On this date in Hollywood history – April 15, 1990, Greta
Garbo died at the age of 84, in New York City. Born Greta Gustaffson, Garbo
grew up in poverty in Stockholm, working in a barber shop and later in a
department store to help support her family after her father died. From 1922 to
1924, Garbo studied on scholarship at the Stockholm Royal Dramatic Theater’s acting
school. She was discovered by the director Mauritz Stiller, who cast her in his
epic film The Legend of Gosta Berling and gave her the stage name Garbo.

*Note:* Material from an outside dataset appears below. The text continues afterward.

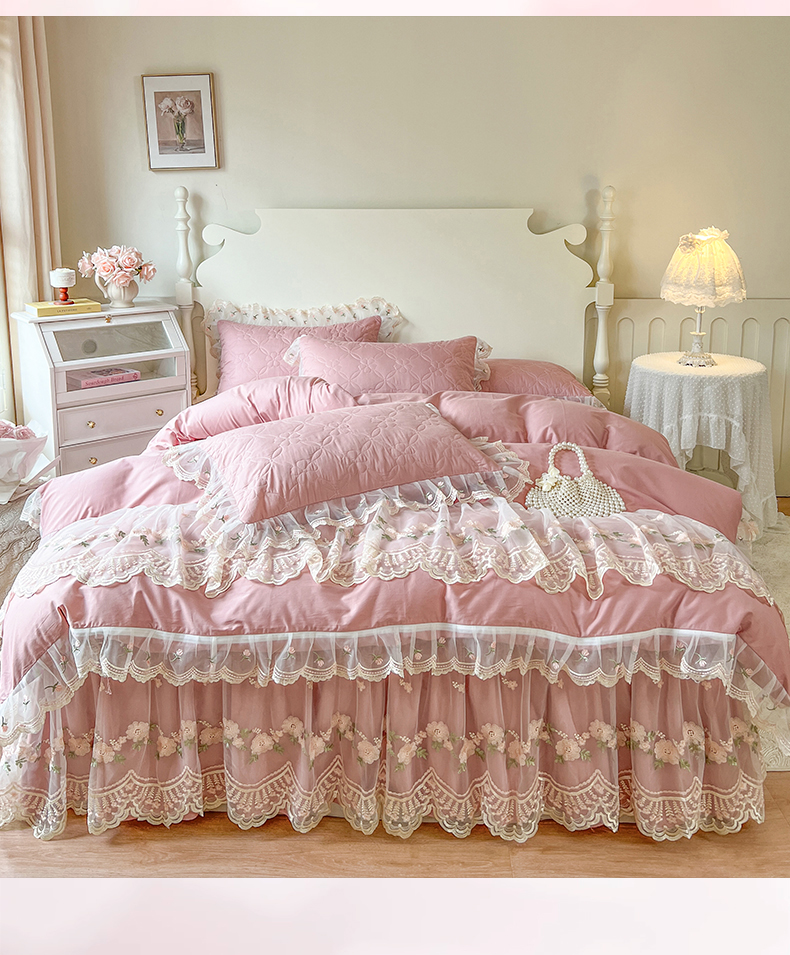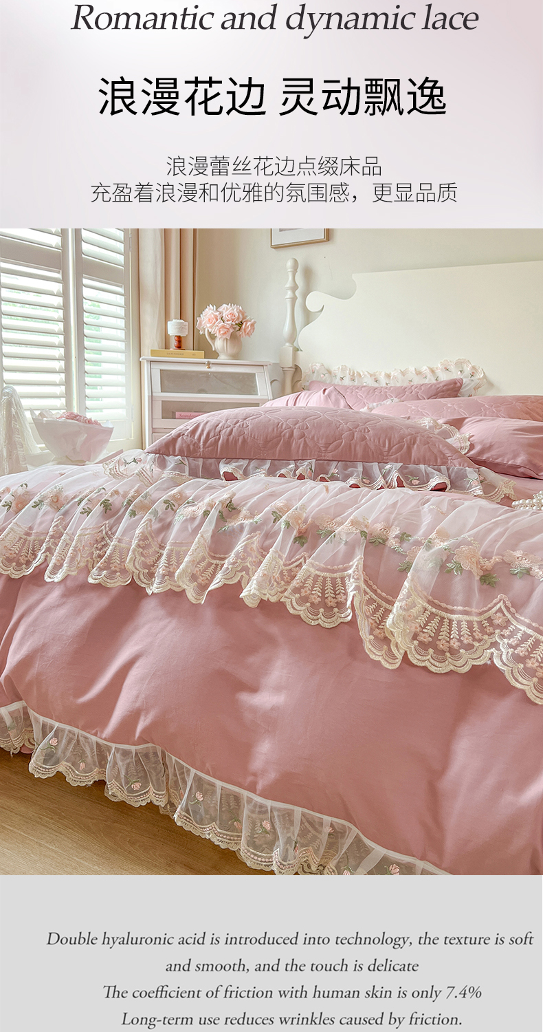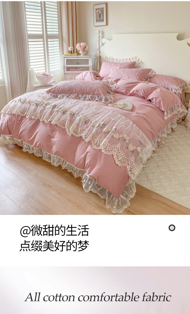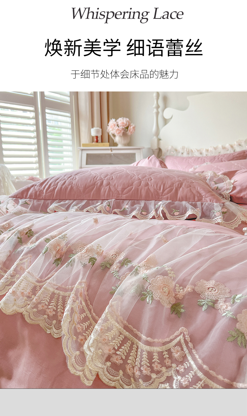 当前位置: 91家纺网 > 商品网购 > 床上用品 > 床裙 > 网红馆 2025新款蕾丝花边全棉床裙四件套晨暮花间系列 绯红

When Metro-Goldwyn-Mayer offered Stiller a film contract, he took Garbo with
him to Hollywood. She made her American film debut in 1926’s The Torrent,
and quickly became a sensation.
By the end of the 1920s, Garbo was playing the leading
lady on and off-screen, opposite John Gilbert, the preeminent silent film actor
of the day, in Flesh and the Devil and Love, among other films.
Garbo made her sound debut in 1930’s Anna Christie; the film’s tagline
was “Garbo Talks!” Her husky voice and thick accent only increased her exotic,
mysterious appeal, and Garbo would reign supreme among Hollywood’s A-list
actresses throughout the 1930s. She stood out in a star-studded cast in Grand
Hotel (1932), as well as in a reunion with Gilbert in Queen Christina (1933).
Two later performances, in Anna Karenina (1935) and Camille (1936),
both won her Best Actress honors from the New York Film Critics.
Garbo’s first comedy, marketed as “Garbo Laughs!”--was
the acclaimed Ninotchka (1939), directed by Ernst Lubitsch. The coming
of World War II cut off the European market, where Garbo’s films had always
been more popular than in the United States, and when MGM refused to meet her
salary demands, Garbo announced her retirement. Though she intended to return
to work in Hollywood after the war ended, the planned projects never came to
fruition. Despite three nominations, Garbo never won an Academy Award for Best
Actress. She was given an honorary Oscar in 1955.
Known as the “Swedish Sphinx” for her indifferent onscreen
persona, Garbo did no interviews after the early years of her career and
declined to participate in public appearances and other trappings of the movie
star life. She was never known to have married, but her love affairs with
Gilbert and others, inspired endless speculation. Having become an American
citizen in 1951, she spent much of her post-Hollywood life living a reclusive
life in New York, though she traveled frequently to Europe.